Илефельд откинулся в кресле, сцепив побелевшие пальцы.
— Я вынужден отклонить ваше предложение, рейхсмагиер. Группа наблюдателей не должна подвергаться никакому ментальному воздействию.
— Боюсь, вы неправильно меня поняли. Речь не идёт о ментальном воздействии. Я говорю лишь о ментальном досмотре. Я обязан убедиться в отсутствии у вас враждебных намерений. Враждебные помыслы кого-либо из присутствующих могут повредить астральную конструкцию обряда. Если желаете подтвердить правоту моих слов, проконсультируйтесь у вашего специалиста. — Штернберг широким жестом указал на притаившегося за спинкой генеральского кресла поляка-учёного. — Он вам скажет то же самое…
— Я не понимаю, о каких враждебных помыслах вообще может идти речь, — возмущённо оборвал Штернберга Илефельд. — Каждый из собравшихся в этой комнате всецело предан фюреру, рейху и великому делу национал-социализма. В противном случае его здесь просто не было бы. Каждый из нас в полной мере осознаёт исключительную важность предстоящей операции и готов всеми силами содействовать её успешному исходу…

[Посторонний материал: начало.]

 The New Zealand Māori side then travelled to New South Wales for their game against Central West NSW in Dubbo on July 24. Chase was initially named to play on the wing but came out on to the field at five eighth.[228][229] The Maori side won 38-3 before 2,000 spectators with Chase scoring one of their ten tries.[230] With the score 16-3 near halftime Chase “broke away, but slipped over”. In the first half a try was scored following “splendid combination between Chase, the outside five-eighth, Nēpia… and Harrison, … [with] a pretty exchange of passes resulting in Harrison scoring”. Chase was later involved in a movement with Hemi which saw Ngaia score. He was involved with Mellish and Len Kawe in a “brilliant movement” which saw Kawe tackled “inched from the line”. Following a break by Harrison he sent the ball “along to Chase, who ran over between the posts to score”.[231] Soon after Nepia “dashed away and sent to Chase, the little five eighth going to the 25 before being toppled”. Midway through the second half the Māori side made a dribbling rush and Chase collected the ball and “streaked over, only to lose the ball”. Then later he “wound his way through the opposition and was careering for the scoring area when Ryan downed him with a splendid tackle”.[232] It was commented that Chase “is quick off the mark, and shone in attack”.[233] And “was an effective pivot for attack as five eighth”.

— В том числе и этот достопочтенный шляхтич? — насмешливо вставил Штернберг, приподнимаясь, чтобы получше разглядеть поляка, сгорбившегося на стуле за креслом Илефельда.

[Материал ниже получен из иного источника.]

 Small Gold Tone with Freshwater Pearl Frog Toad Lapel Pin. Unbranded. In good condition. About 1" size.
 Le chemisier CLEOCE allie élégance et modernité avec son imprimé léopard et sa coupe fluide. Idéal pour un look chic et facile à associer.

— Я очень прошу прощения, господин оберштурмбанфюрер, — донёсся вялый голос бывшего узника (некогда, должно быть, это был дребезжащий козлиный тенор недотёпы-доцента, но несколько лет лагерей вытерли из голоса всякую индивидуальность, оставив лишь въевшуюся заискивающую интонацию в редких гласных, проскальзывавших в шелесте, готовом в любую секунду оборваться от пинка и резкого окрика «Швайн!»). — Я очень прошу прощения, — чуть громче повторил поляк, — но я — верный подданный рейха, господин оберштурмбанфюрер. Я готов жизнью пожертвовать во имя фюрера и моей истинной родины, Германии, которая дала мне новую жизнь и веру в будущее…
Тонкие ноздри Штернберга брезгливо дрогнули; это не ускользнуло от пристального внимания бывшего заключённого. Он с головой спрятался за креслом.
— Не смешите меня, пан Габровски, — холодно произнёс Штернберг. — Я знаю не хуже вас, что многие на вашем месте готовы без особых раздумий стать верноподданными хоть самого дьявола за лишнюю миску лагерной баланды.
Поляк блеснул тёмными запавшими глазами, но его заслонил поднявшийся Илефельд.
— Довольно. Герр Габровски зарекомендовал себя как отличный специалист, всей душой преданный делу рейха.
— Он обыкновенный предатель, — жёстко возразил Штернберг. — Я бы не стал ему доверять. На вашем месте, группенфюрер, я не допустил бы его присутствия даже на совещании, не говоря уж о самой операции. Тем более что он, по-моему, обладает незаурядными экстрасенсорными способностями… Дроги пане, что вы там забились, как крыса в щель? Прошэ тутай, — Штернберг, неприятно улыбнувшись, указал прямо перед собой.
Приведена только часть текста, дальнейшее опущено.